Re: Not so fast
"Object even S3 provides Atomicity & Durability as base attributes"
Simply untrue. You were talking about making the file store sync *on every write*. Object stores provide no guarantees on every write, because they don't even have a concept of every write. That's the flip side of any API based on PUT instead of OPEN+WRITE. At the very worst, an apples to apples comparison would require only an fsync *per file*, and even that would be requiring more of the file store than the object store. Can you actually cite the API description or SLA for any S3-like object store that makes *any claims at all* about immediate durability at the end of a PUT? Amazon's certainly don't, and that's the API that most others in this category implement.
"Would be happy if you can point me to a benchmark to back your thesis which can shows Gluster significantly knocks out Ceph"
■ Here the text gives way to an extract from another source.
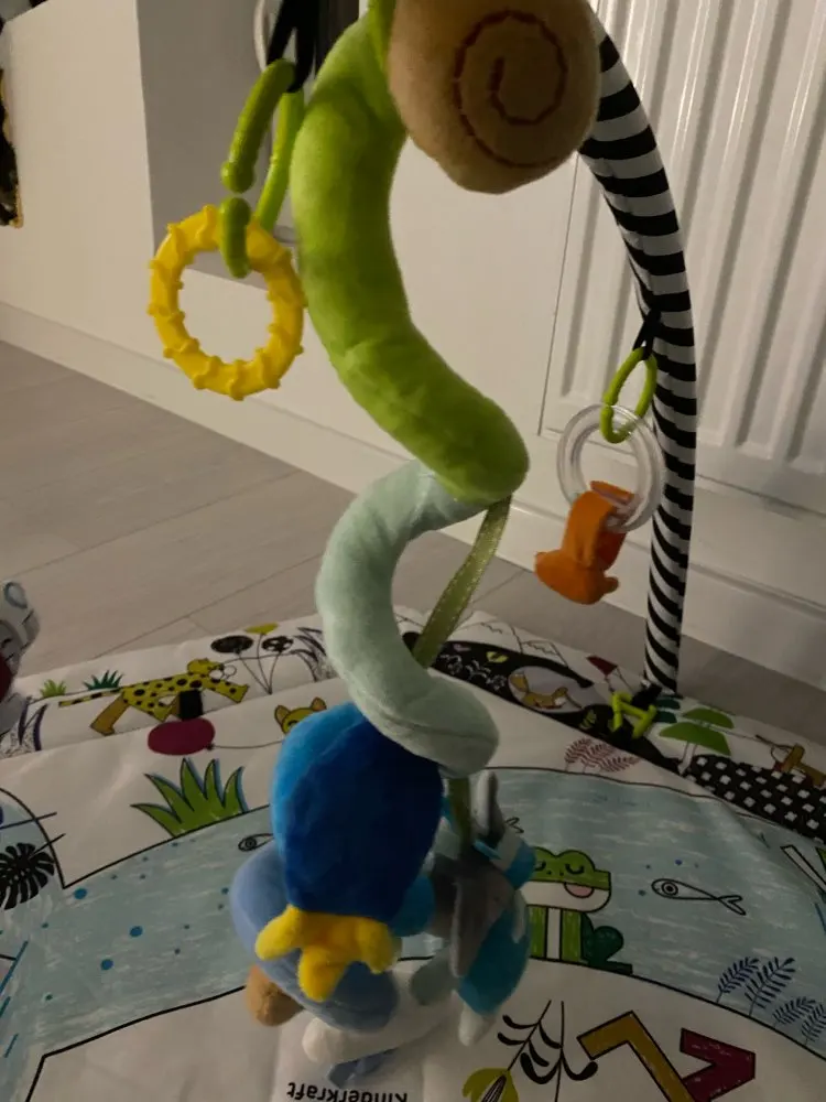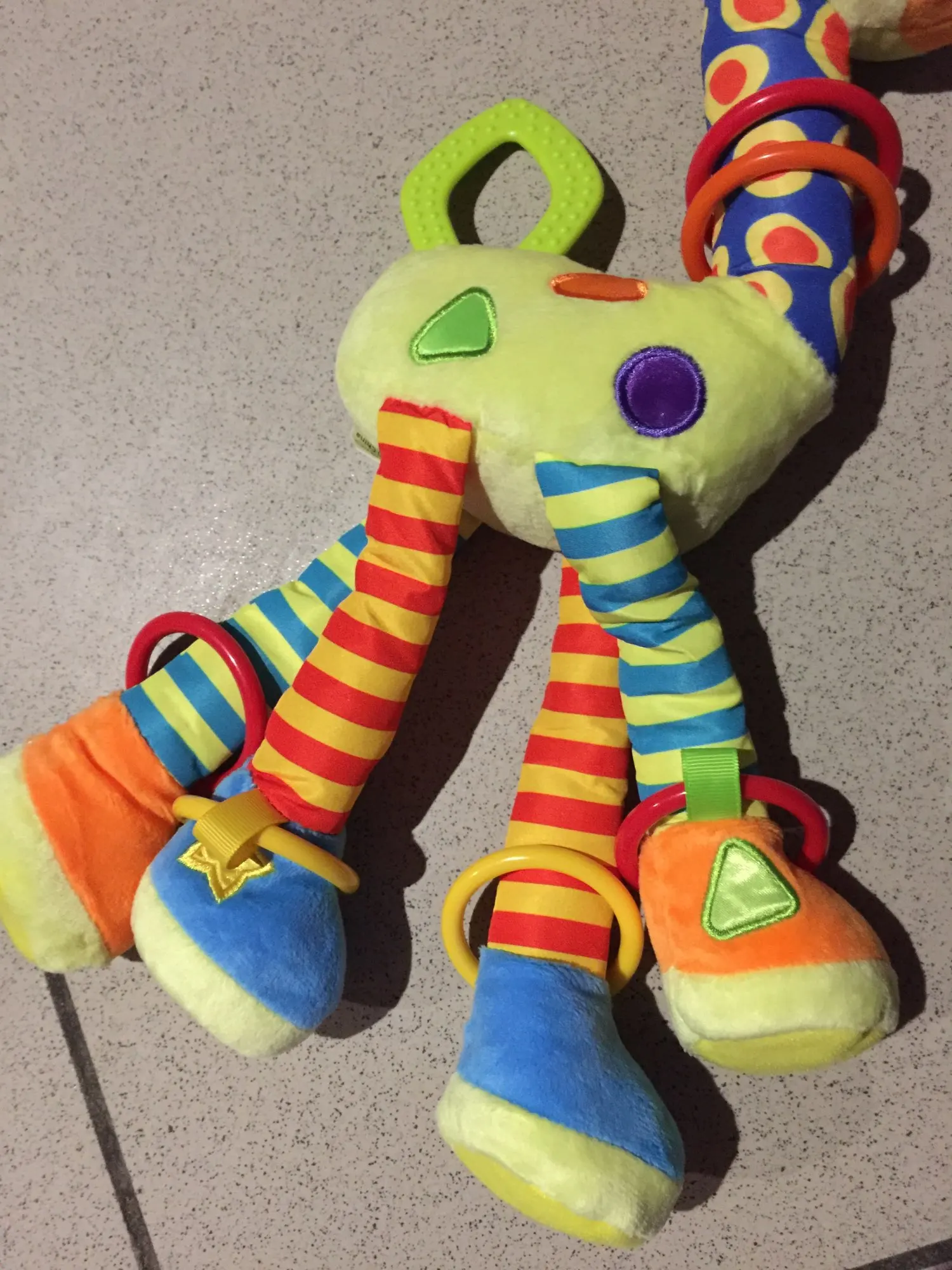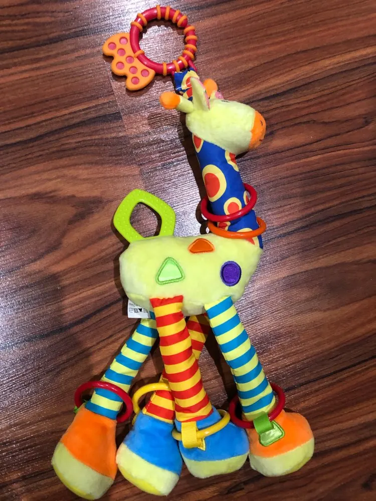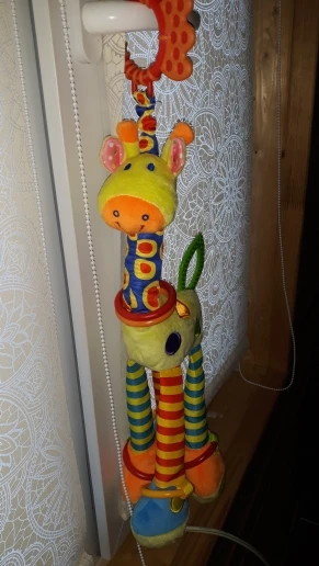 Жираф вообще клевый. Во всех лапах и в ушах шелестелки. В голове пищалка а в теле погремушка. Хвост и на голове большое кольцо сделаны из резины (типа прорезыватель для зубов) можно грызть. На шее и лапах кольца пластиковые. В общем жираф очень хороший. Мы используем его в автомобиле, очень увлекает ребёнка.

http://www.principledtechnologies.com/Red%20Hat/RedHatStorage_Ceph_1113.pdf
https://indico.cern.ch/event/214784/session/6/contribution/332/attachments/340854/475673/storage_donvito_chep_2013.pdf
"not fare to pick on a cloud archiving product like S3 to make perf claims."
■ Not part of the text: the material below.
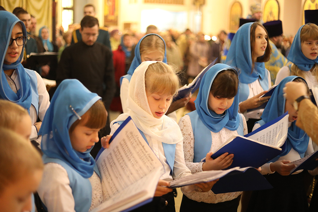 Богослужебные песнопения исполнили Православный солдатский хор инженерных войск «За Веру и Отечество» – художественный руководитель игумен Варнава (Столбиков), хор Покровского кафедрального собора под управлением Светланы Бондарь и детский архиерейский хор под управлением Натальи Тихоновой.
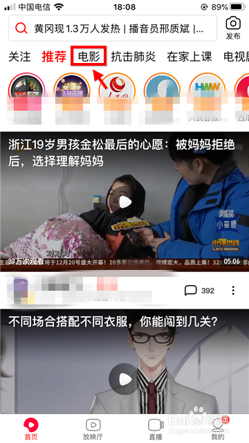 进入西瓜视频本家儿界面后点击“片子”,然后打开肆意片子不雅看。

Except that such "archiving products" are the subject of the article we're discussing. What's unfair is comparing a file system to an object store alone, on a clearly object-favoring workload, when the subject is file systems *layered on top of* object stores. All of those protocol-level pathologies you mention for NFS will still exist for an NFS server layered on top of an object store, *plus* all of the inefficiencies resulting from the impedance mismatch between the two APIs. If the client does an OPEN + STAT + many small WRITEs, the server has to do an OPEN + STAT + many small WRITEs. The question is not how a file system implemented on top of an object store performs when it has freedom to collapse those, because it doesn't. The question is how it performs when it's executes each of those individual operations according to applicable standards and user expectations, which set definite requirements for things like durability.